*WORK REQUEST*: Please repeat the whole listing exactly, but leave the pictures out.

*INFORMATION SHOWN*:

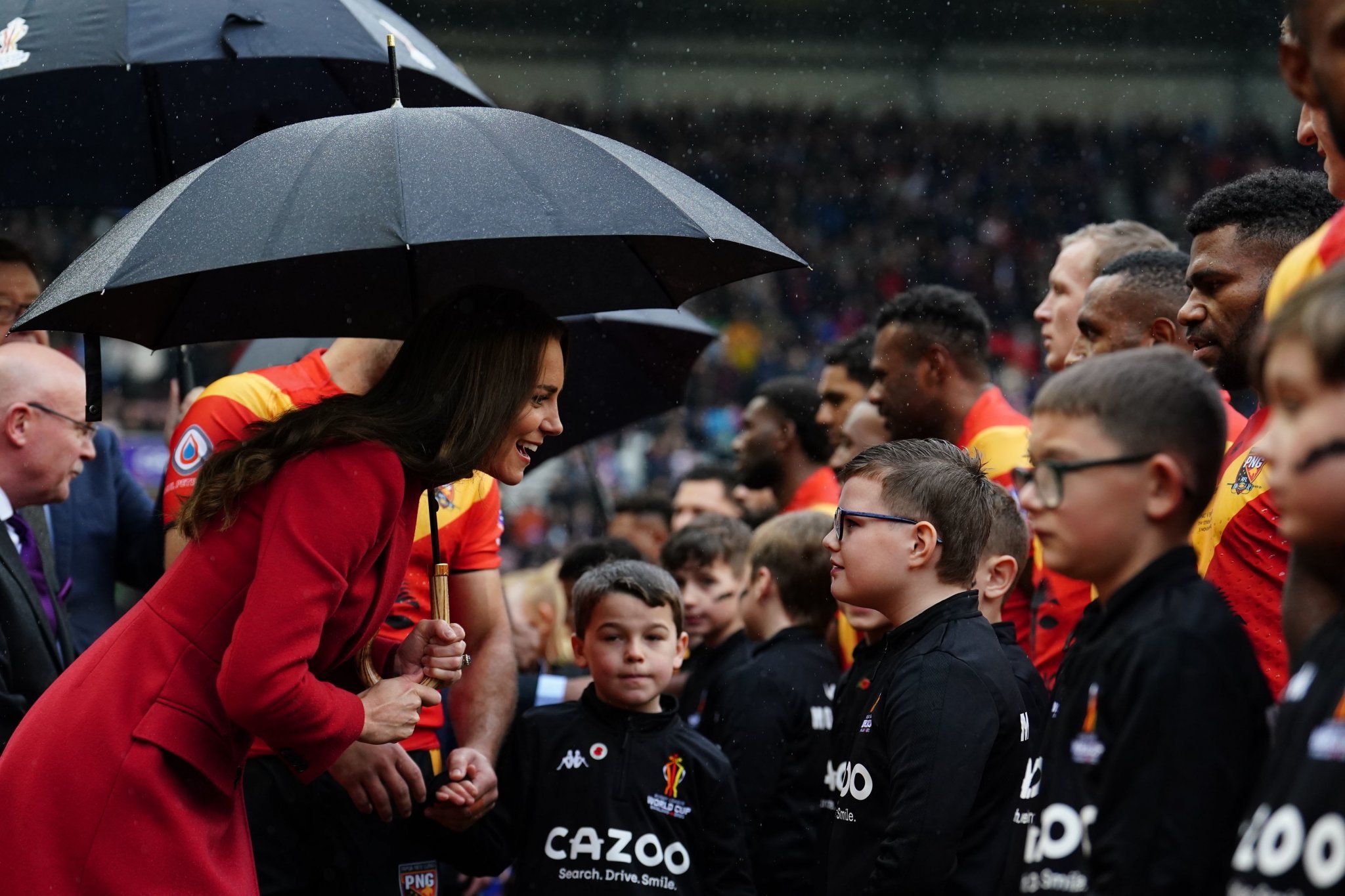 Принцесата на Уелс на терена на DW Stadium като почетен гост на четвъртфинала на Световното първенство на Англия срещу Папуа Нова Гвинея.
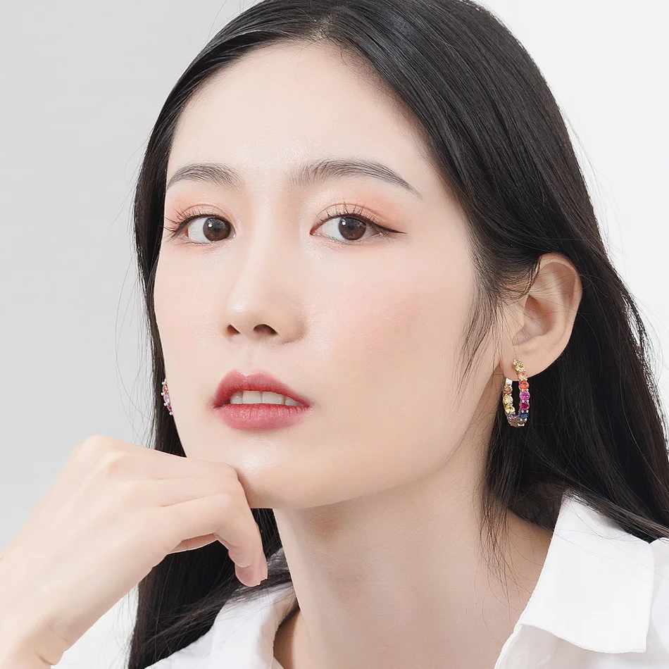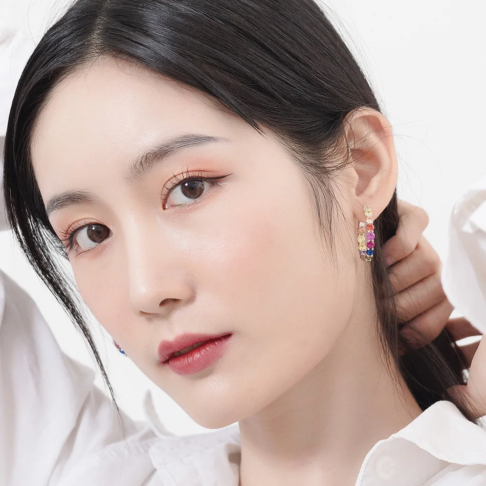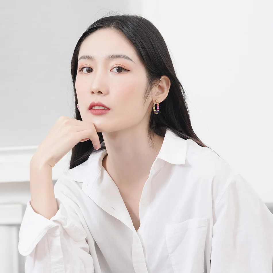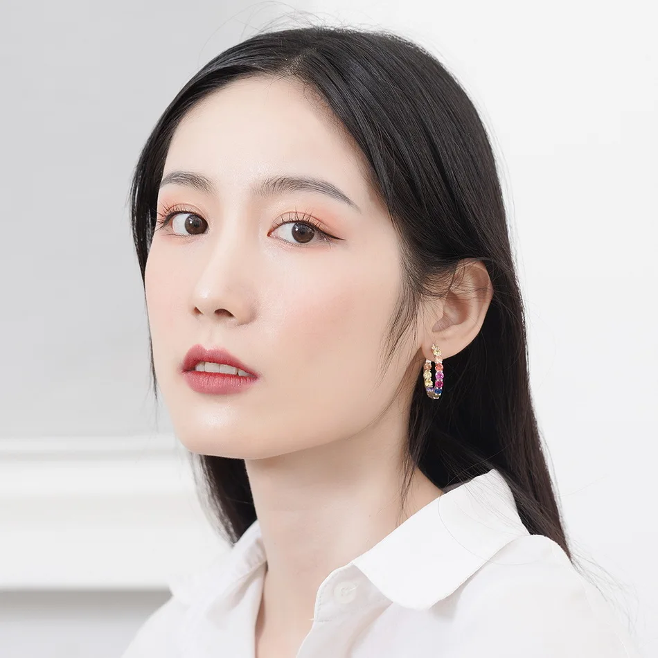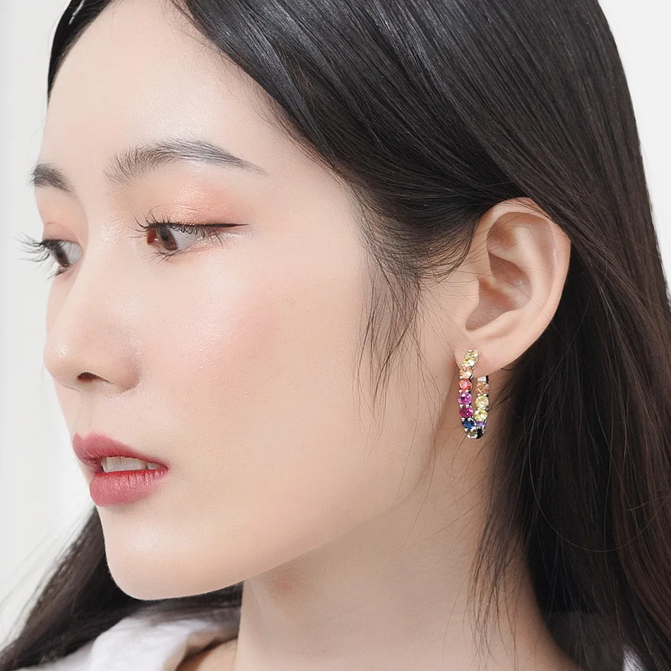 Женские серьги-кольца ALLNOEL, серьги из стерлингового серебра 925 пробы с разноцветными радужными подвесками, вечерние серьги высокого качества из настоящего золота
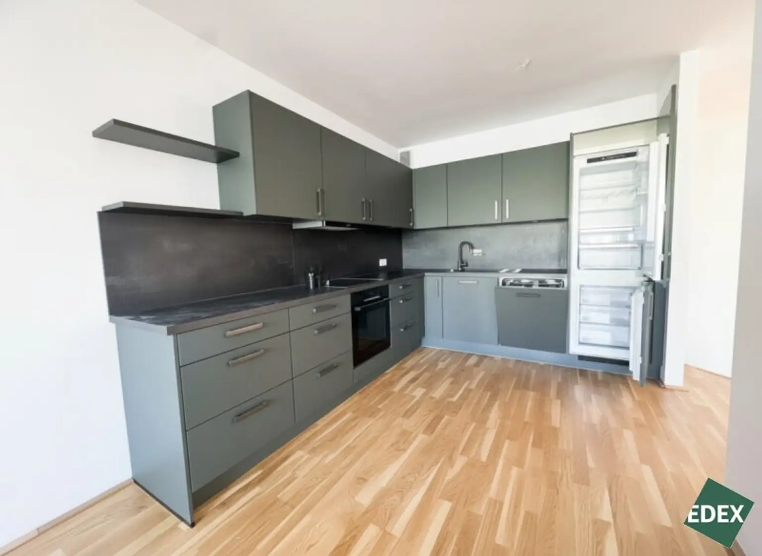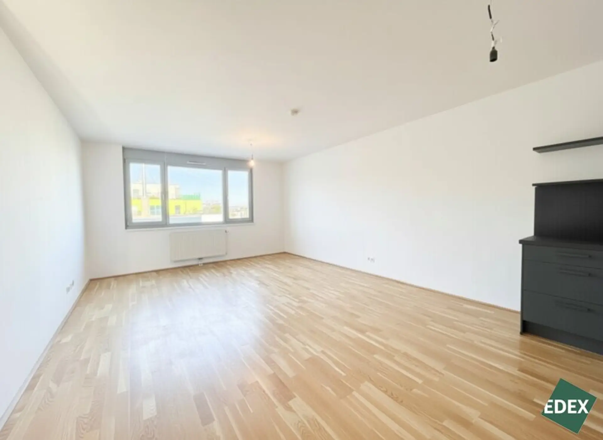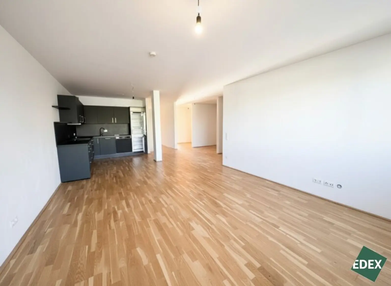 Der helle Wohnraum mit offener Kochnische bildet das Herzstück der Wohnung und bietet ausreichend Platz für Wohn- und Essbereich. Die Küche ist als Kochnische ausgeführt und funktional in den Wohnraum integriert.

*EXERCISE RESPONSE*:
 Принцесата на Уелс на терена на DW Stadium като почетен гост на четвъртфинала на Световното първенство на Англия срещу Папуа Нова Гвинея.
 Женские серьги-кольца ALLNOEL, серьги из стерлингового серебра 925 пробы с разноцветными радужными подвесками, вечерние серьги высокого качества из настоящего золота
 Der helle Wohnraum mit offener Kochnische bildet das Herzstück der Wohnung und bietet ausreichend Platz für Wohn- und Essbereich. Die Küche ist als Kochnische ausgeführt und funktional in den Wohnraum integriert.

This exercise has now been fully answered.